** DATA LISTING follows **

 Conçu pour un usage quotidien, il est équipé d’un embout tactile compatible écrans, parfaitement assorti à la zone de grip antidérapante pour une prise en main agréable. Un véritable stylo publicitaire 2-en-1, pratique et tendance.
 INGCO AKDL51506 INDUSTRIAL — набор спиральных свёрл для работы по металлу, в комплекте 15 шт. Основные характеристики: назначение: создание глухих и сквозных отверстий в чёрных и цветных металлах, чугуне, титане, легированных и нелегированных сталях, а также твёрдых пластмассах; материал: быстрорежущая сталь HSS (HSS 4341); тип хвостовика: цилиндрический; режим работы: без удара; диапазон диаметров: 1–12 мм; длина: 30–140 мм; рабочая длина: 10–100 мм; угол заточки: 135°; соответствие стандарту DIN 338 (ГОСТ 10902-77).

** End of DATA LISTING **
** DATA LISTING follows **

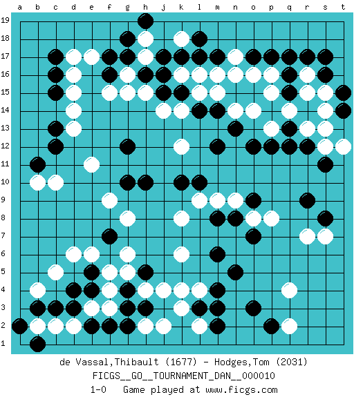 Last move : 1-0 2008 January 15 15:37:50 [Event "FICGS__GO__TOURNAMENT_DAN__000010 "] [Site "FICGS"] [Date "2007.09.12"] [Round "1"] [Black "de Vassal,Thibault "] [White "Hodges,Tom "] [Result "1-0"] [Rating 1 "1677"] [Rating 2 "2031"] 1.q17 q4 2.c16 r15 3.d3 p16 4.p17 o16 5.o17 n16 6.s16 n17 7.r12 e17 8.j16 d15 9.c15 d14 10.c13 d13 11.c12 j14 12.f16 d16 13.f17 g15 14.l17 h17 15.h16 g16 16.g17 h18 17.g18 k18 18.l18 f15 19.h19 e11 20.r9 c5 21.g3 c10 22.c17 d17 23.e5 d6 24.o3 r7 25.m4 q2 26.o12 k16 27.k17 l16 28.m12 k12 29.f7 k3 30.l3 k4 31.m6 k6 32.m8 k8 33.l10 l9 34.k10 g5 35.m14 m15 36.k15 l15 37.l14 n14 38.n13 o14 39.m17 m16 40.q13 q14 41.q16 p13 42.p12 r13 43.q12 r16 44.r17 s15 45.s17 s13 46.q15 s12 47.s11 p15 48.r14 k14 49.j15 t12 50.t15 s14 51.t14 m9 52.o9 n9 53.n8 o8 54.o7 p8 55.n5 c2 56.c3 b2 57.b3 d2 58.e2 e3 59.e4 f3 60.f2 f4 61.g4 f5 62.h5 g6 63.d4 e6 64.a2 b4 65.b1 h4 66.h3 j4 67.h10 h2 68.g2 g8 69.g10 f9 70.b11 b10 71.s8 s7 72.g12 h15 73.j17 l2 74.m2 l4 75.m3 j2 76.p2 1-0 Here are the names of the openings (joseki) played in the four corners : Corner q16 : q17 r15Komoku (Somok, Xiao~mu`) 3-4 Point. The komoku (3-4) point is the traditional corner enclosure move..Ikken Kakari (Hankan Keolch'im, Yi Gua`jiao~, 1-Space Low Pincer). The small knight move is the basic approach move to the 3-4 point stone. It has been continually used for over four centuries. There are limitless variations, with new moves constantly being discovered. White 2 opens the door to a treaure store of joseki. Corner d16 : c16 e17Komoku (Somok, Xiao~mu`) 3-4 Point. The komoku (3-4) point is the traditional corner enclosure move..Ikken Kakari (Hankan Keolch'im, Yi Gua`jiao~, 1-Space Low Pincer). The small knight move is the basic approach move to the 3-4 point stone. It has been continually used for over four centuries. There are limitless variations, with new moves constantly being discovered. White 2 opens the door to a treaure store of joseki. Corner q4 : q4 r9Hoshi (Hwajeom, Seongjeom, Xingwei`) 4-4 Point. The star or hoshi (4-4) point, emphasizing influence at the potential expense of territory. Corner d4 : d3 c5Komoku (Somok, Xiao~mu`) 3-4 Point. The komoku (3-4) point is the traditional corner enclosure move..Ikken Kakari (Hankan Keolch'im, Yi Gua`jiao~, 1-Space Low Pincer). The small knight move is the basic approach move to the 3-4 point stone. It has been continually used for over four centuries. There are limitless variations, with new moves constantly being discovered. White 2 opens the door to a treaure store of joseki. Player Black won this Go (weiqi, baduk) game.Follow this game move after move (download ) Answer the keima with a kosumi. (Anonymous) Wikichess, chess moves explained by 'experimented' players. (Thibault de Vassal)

** End of DATA LISTING **

**WORK REQUEST**
Would you retype exactly the lines above, from the line with "Conçu pour un" to the line with "INGCO AKDL51506 INDUSTRIAL", with both end lines kept and nothing more?

**WRITTEN SOLUTION**
 Conçu pour un usage quotidien, il est équipé d’un embout tactile compatible écrans, parfaitement assorti à la zone de grip antidérapante pour une prise en main agréable. Un véritable stylo publicitaire 2-en-1, pratique et tendance.
 INGCO AKDL51506 INDUSTRIAL — набор спиральных свёрл для работы по металлу, в комплекте 15 шт. Основные характеристики: назначение: создание глухих и сквозных отверстий в чёрных и цветных металлах, чугуне, титане, легированных и нелегированных сталях, а также твёрдых пластмассах; материал: быстрорежущая сталь HSS (HSS 4341); тип хвостовика: цилиндрический; режим работы: без удара; диапазон диаметров: 1–12 мм; длина: 30–140 мм; рабочая длина: 10–100 мм; угол заточки: 135°; соответствие стандарту DIN 338 (ГОСТ 10902-77).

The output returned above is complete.